I have a problem I am trying to solve: - imbalanced dataset with 2 classes - one class dwarfs the other one (923 vs 38) - f1_macro score when the dataset is used as-is to train RandomForestClassifier stays for TRAIN and TEST in 0.6 - 0.65 range
While doing research on the topic yesterday, I educated myself in resampling and especially SMOTE algorithm. It seems to have worked wonders for my TRAIN score, as after balancing the dataset with them, my score went from ~0.6 up to ~0.97. The way that I have applied it was as follows:
I have splited away my TEST set away from the rest of data in the beginning (10% of the whole data)
I have applied SMOTE on TRAIN set only (class balance 618 vs 618)

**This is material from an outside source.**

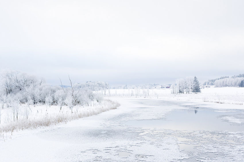 在冬天,瑞典东约特兰地区一个冰冻的湖泊在荒野中蜿蜒向前。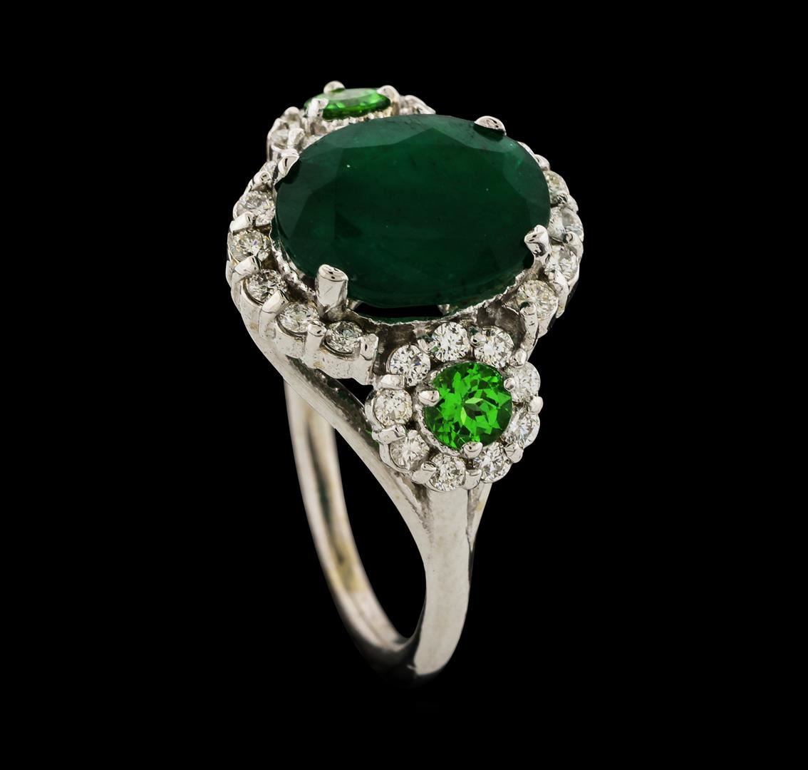 One electronically tested 14KT white gold lady's cast fashion ring with a three stone halo with a bright polish finish. The featured lady's ring has a shank measuring 1.89 millimeters wide. Identified with markings of '14K'. Condition is new, good workmanship. Containing: One prong set oval modified mixed cut natural emerald, measuring 11.32 x 8.96 x 5.18mm, (depth est.) 10%. bulge factor, approximate weight of 3.46ct., clarity is heavily included, medium dark, moderately strong, green color, (GIA G 6/4), cut is good. Transmitting light somewhat diffusely, semi-transparent to translucent. No indications of clarity enhancement. Indications of oil residue. Colored gemstones are presumed to have been subjected to commonly used enhancement processes. Graded in the setting. Two prong set round modified brilliant cut natural tsavorite garnets, measuring 3.60 - 3.50 x 2.31 mm, (depth est.) approximate total weight of 0.42ct., clarity is eye clean, medium, moderately strong, slightly yellowish green color, (GIA slyG 5/4), cut is good. Transmitting light with no distortion, transparent. Colored gemstones are presumed to have been subjected to commonly used enhancement processes. Graded in the setting. Thirty prong set round brilliant cut diamonds, measuring 1.70 - 1.60 x 1.02mm (depth est.) approximate total weight of 30 Stones = 0.52ct. Graded in the setting. Clarity SI-1 to SI-2. Color: G - H Cut Good. Total Weight of Colored Stones 3.88ct.. Total Weight of Diamonds 0.52ct.. Total Weight of Ring 6.40gm. GAS Appraised at $6,135.00.

I have trained a RandomForestClassifier on TRAIN set, and achieved f1_macro = 0.97
when testing with TEST set, f1_macro score remained in ~0.6 - 0.65 range
What I would assume happened, is that the holdout data in TEST set held observations, which were vastly different from pre-SMOTE observations of the minority class in TRAIN set, which ended up teaching the model to recognize cases in TRAIN set really well, but threw the model off-balance with these few outliers in the TEST set.
What are the common strategies to deal with this problem? Common sense would dictate that I should try and capture a very representative sample of minority class in the TRAIN set, but I do not think that sklearn has any automated tools which allow that to happen?